## INFORMATION SUPPLIED
Segment Open

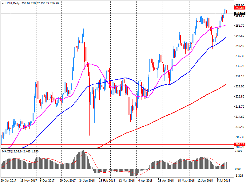 Most components of DOW have finished trading in positive territory (21 out of 30). The leader of growth was the shares of Johnson & Johnson (JNJ, + 3.56%). Outsider were shares UnitedHealth Group Incorporated (UNH, -2.73%).
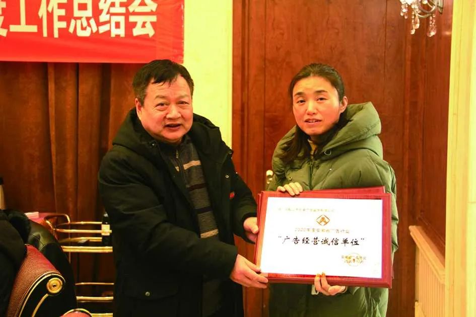 张正兵为马鞍山市兄弟广告装饰有限公司和天一文化传媒有限公司颁发省广协“抗击疫情媒体贡献单位”以及“广告经营诚信单位”的授牌。
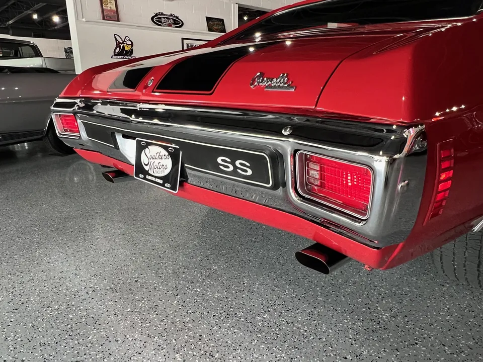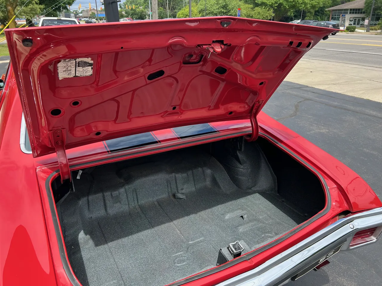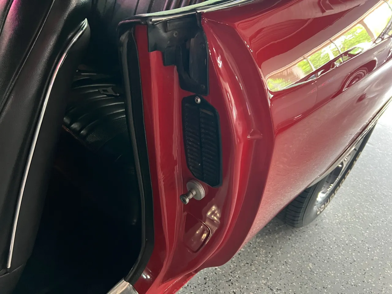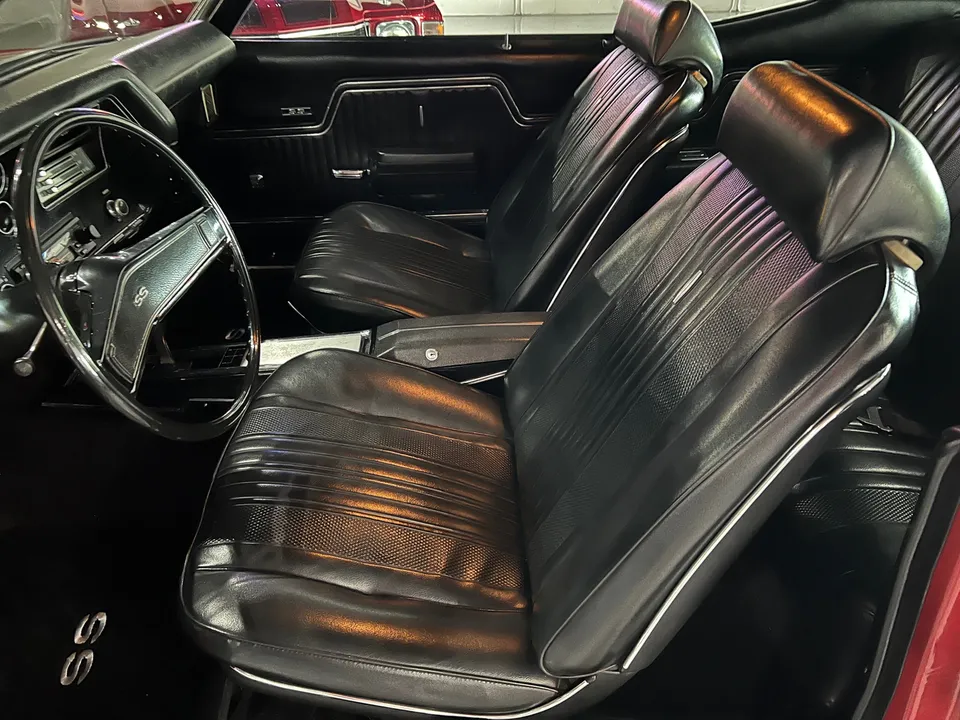 Body-Up Restoration, beautiful factory (75) Cranberry red car, black Super Sport stripes, factory (756) black vinyl interior, 454 ci/425 hp crate engine, Muncie M22 “Rock Crusher” 4 speed manual transmission with scatter shield, Holley dual feed 4 bbl, GM “Winters” aluminum intake, LS6 rectangular port heads, factory exhaust manifolds, chrome air cleaner & vale covers, HEI distributor, power steering, power front disc brakes, factory bucket seats with center console, Hurst shifter, factory SS steering wheel, factory tach & gauges, am/fm radio, power windows, new dual exhaust with chrome tips, factor (CCF) 12 bolt 3.31 limited slip rear axle with F41 suspension & traction bars, 255/60R15 Goodrich Radial T/A rear tires, 235/60R15 fronts, 15” Rally wheels with flat caps, operable cowl hood with pins, Drive Anywhere!
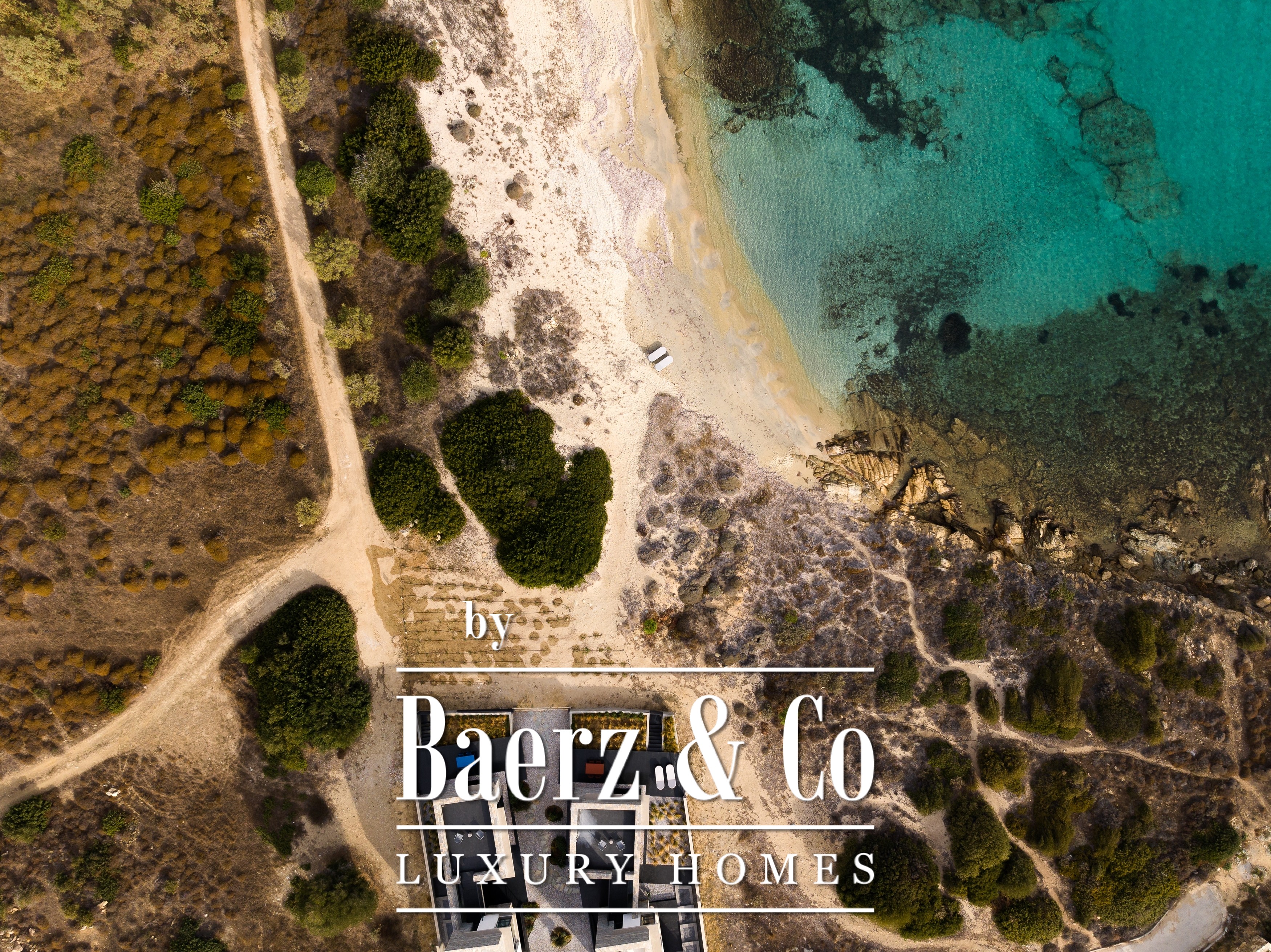 Buitenleven staat centraal bij Villa Helios. Royale terrassen openen zich direct naar het strand, waardoor u binnen enkele stappen met uw voeten in het zachte witte zand staat. Of u nu geniet van uw ochtendkoffie met uitzicht op zee, ontspant in volledige privacy of de zon ziet ondergaan boven de Egeïsche Zee, de omgeving biedt een zeldzaam gevoel van rust en verbondenheid met de natuur. De vloeiende overgang tussen binnen en buiten creëert een ontspannen maar verfijnde levensstijl aan zee.

Segment Closed

Once you have returned the line containing "张正兵为马鞍山市兄弟广告装饰", stop; begin at the first line of the material, keep each line exact, and skip the pictures.

 Most components of DOW have finished trading in positive territory (21 out of 30). The leader of growth was the shares of Johnson & Johnson (JNJ, + 3.56%). Outsider were shares UnitedHealth Group Incorporated (UNH, -2.73%).
 张正兵为马鞍山市兄弟广告装饰有限公司和天一文化传媒有限公司颁发省广协“抗击疫情媒体贡献单位”以及“广告经营诚信单位”的授牌。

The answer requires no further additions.